## Work instructions
Without any of the pictures, transcribe all the lines below exactly.

## Information supplied
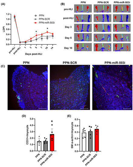 All animal studies were conducted with ethical approval from Garvan Institute/St. Vincent’s Hospital Animal Ethics Committee (Protocol#20/04). Six-week-old male C57Bl/6J mice were purchased from Australian BioResources. Mice were acclimated for a week prior to the start of any experimental procedures. Diabetes was induced in 7-week-old C57Bl/6J mice by bolus intraperitoneal injection of streptozotocin (STZ, 165 mg/kg in citrate buffer, pH 4.5). Blood glucose levels were monitored with an Accu-Chek glucometer. Mice with fasted blood glucose > 15 mmol/L for 3 consecutive days were classified as diabetic. Surgical procedure of unilateral hindlimb ischemia (HLI) was performed in diabetic mice as previously described [26,27]. In brief, the femoral artery was occluded with double knots using 6-0 silk sutures at the proximal location near the groin and the distal location to the knee. Afterward, the vessel was ligated and excised. A sham procedure was performed on the contralateral limb. Immediately after HLI surgery, PPN controls, PPN-scramble miRNA, or PPN-miR-503 inhibitor (1.75 µg miRNAs/µg PPNs/g of mouse) were injected intramuscularly at the adductor muscles. Blood-perfusion recovery was monitored prior to surgery; immediately post-surgery; and day 3, 5, 7, 10, and 14 post-surgery using the laser Doppler Imaging system (moorLDI2-IR, Moor Instruments, Axminster, UK). Blood flow recovery was expressed as laser Doppler perfusion index (LDPI), a ratio between ischemic and non-ischemic limbs of an individual mouse.
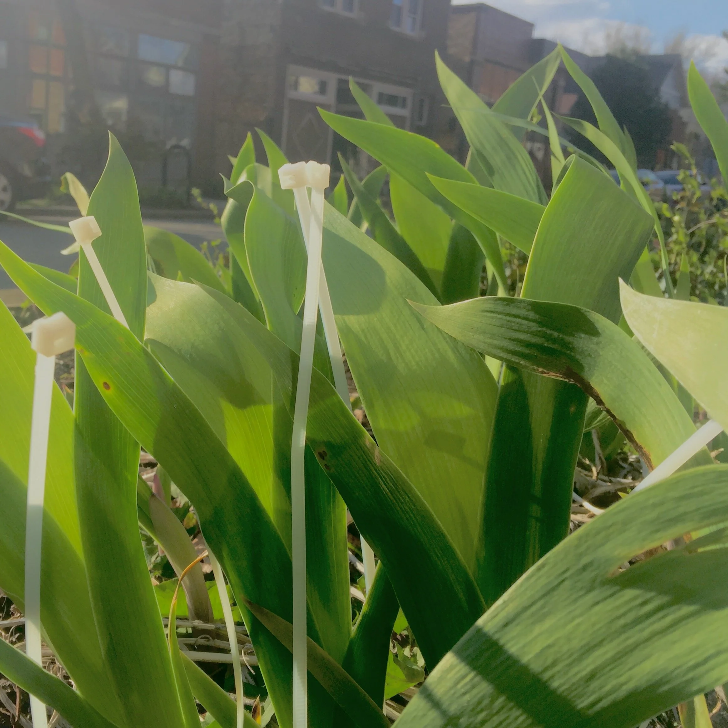 My example shown here is inspired by Earth Week: I paired something organic (iris shoots just outside the studio) with something inorganic (zip ties). You could do Andy Goldsworthy inspired outdoor installations with two materials?! Side-by-side sketches of ‘opposites’? Two different dogs straining at the leash?
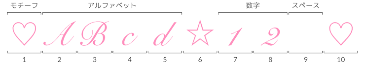 モチーフ、テキスト(アルファベット大文字・小文字、数字)をあわせて10文字以内。

## Worked solution
 All animal studies were conducted with ethical approval from Garvan Institute/St. Vincent’s Hospital Animal Ethics Committee (Protocol#20/04). Six-week-old male C57Bl/6J mice were purchased from Australian BioResources. Mice were acclimated for a week prior to the start of any experimental procedures. Diabetes was induced in 7-week-old C57Bl/6J mice by bolus intraperitoneal injection of streptozotocin (STZ, 165 mg/kg in citrate buffer, pH 4.5). Blood glucose levels were monitored with an Accu-Chek glucometer. Mice with fasted blood glucose > 15 mmol/L for 3 consecutive days were classified as diabetic. Surgical procedure of unilateral hindlimb ischemia (HLI) was performed in diabetic mice as previously described [26,27]. In brief, the femoral artery was occluded with double knots using 6-0 silk sutures at the proximal location near the groin and the distal location to the knee. Afterward, the vessel was ligated and excised. A sham procedure was performed on the contralateral limb. Immediately after HLI surgery, PPN controls, PPN-scramble miRNA, or PPN-miR-503 inhibitor (1.75 µg miRNAs/µg PPNs/g of mouse) were injected intramuscularly at the adductor muscles. Blood-perfusion recovery was monitored prior to surgery; immediately post-surgery; and day 3, 5, 7, 10, and 14 post-surgery using the laser Doppler Imaging system (moorLDI2-IR, Moor Instruments, Axminster, UK). Blood flow recovery was expressed as laser Doppler perfusion index (LDPI), a ratio between ischemic and non-ischemic limbs of an individual mouse.
 My example shown here is inspired by Earth Week: I paired something organic (iris shoots just outside the studio) with something inorganic (zip ties). You could do Andy Goldsworthy inspired outdoor installations with two materials?! Side-by-side sketches of ‘opposites’? Two different dogs straining at the leash?
 モチーフ、テキスト(アルファベット大文字・小文字、数字)をあわせて10文字以内。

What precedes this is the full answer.